Comment choisir les échantillons à utiliser dans le test ADN de paternité ?

Dans le cadre d’un test de paternité, le prélèvement de l’échantillon constitue une étape cruciale, notamment lorsque celui est effectuer chez soi. Si l’échantillon choisi contient suffisamment d’ADN, le laboratoire pourra y extraire des séquences ADN afin de les comparer aux échantillons du demandeur le test. De cette manière, il sera possible d’établir un lien de paternité entre un père présumé et son enfant ou inversement contester cette hypothèse.

Même si le frottis buccal est la méthode la plus utilisée pour comparer les ADN, c’est un prélèvement assez invasif. En effet, faire un prélèvement discret, à l’insu de la personne testée est formellement interdit par la loi. C’est l’une des raisons pour lesquelles le laboratoire d’analyse ADN exige un certain nombre de prélèvements d’échantillons contenant d’ADN avant de pour procéder à la comparaison. Si ces derniers contiennent des données génétiques, le résultat sera donné avec une fiabilité supérieure à 99,99%. Dans le cas contraire, s’ils ne contiennent pas suffisamment d’ADN à étudier, le laboratoire ne pourra pas se lancer dans la réalisation du test. Il est donc crucial de bien choisir les échantillons à récolter avant de les envoyer au laboratoire d’analyse médicale.

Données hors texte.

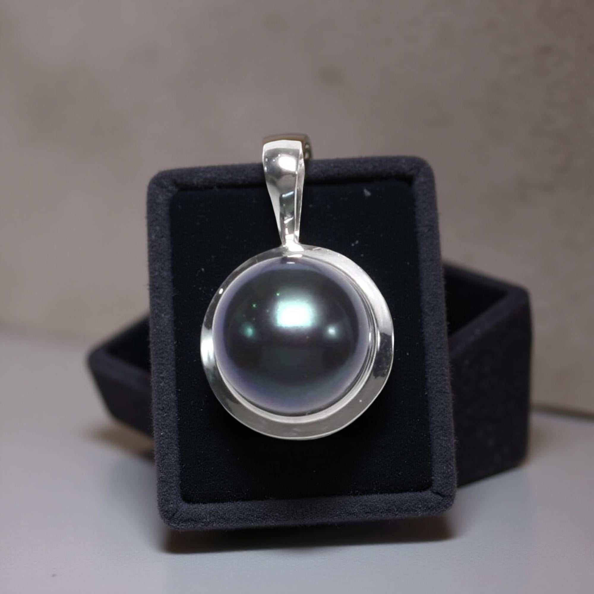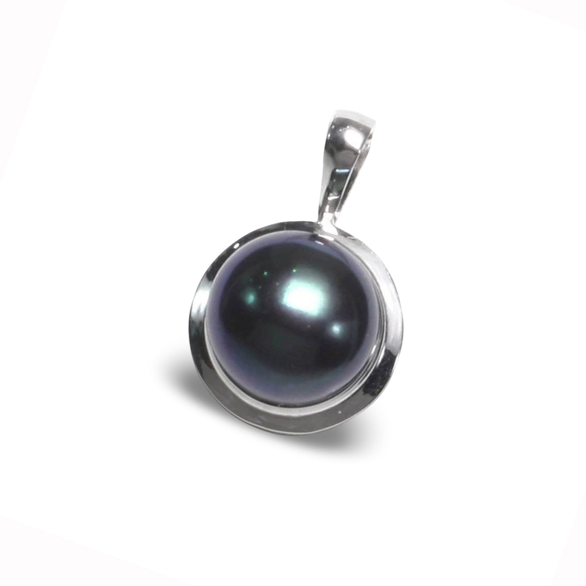 Black Pearl Pendant – 14k White Gold Encircles Design

Les échantillons à prélever

Le sang et le sperme

Le sang et le sperme sont les éléments les plus susceptibles de contenir des ADN suffisantes pour être traitées au laboratoire.

Avec une tâche de sang ou de sperme imbibée dans un coton ou dans un vêtement, il est possible d’obtenir des résultats très fiables. Alors, lors du recueil de d’échantillon, les tampons et les pansements sont les recommandés. Pour d’autres informations, voir l’article  pourquoi faire un test ADN.

Les cheveux

Tirer une mèche de cheveux est surement plus facile à faire que recueillir un pansement fraichement imbibé de sang. Les cheveux seront en effet excellents pour sollicite des recherches de paternité au laboratoire, car leur probabilité de contenir de l’ADN est supérieure à 75%. Ainsi, avec quelques brins de cheveux, le demandeur peut obtenir en l’intervalle de quelques jours le résultat du test de paternité. Il saura donc si le lien de parenté entre les deux parties existe

 Le chewin gum

La raison pour laquelle les scientifiques privilégient le frotti buccal dans leur recherche, est dû au fait que la salive contient une quantité d’ADN largement supérieure aux autres éléments du corps.

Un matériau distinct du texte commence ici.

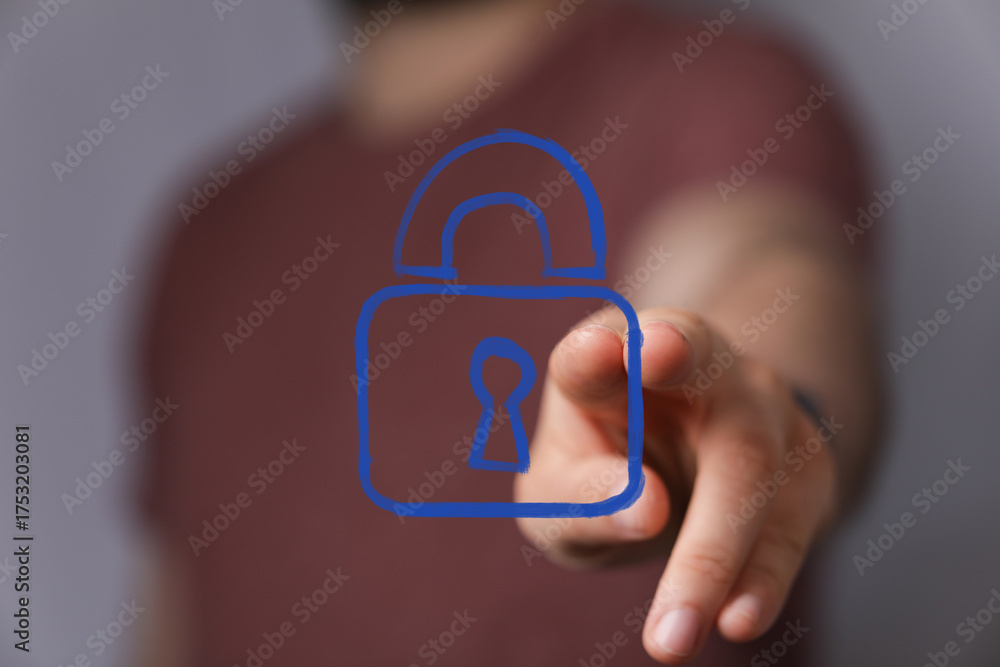 A hand interacting with a virtual padlock icon symbolizes robust digital security, data protection, and online privacy in the digital age.

Un chewing-gum fraichement mâché représente donc un échantillon très intéressant pour le laboratoire, ce dernier permettra aux scientifiques de bien mener leurs recherches en paternité.

Les ongles

Les ongles coupés peuvent être ramassés à l’aide d’un kit de prélèvement. Toutefois, il convient que la coupe soit suffisamment fraiche pour que la quantité d’ADN présente dans l’échantillon ne soit pas détériorée avec le temps.

Par ailleurs, il est également possible de se servir de la cire d’oreille placée sur un coton tige pour effectuer les actions de recherche au laboratoire.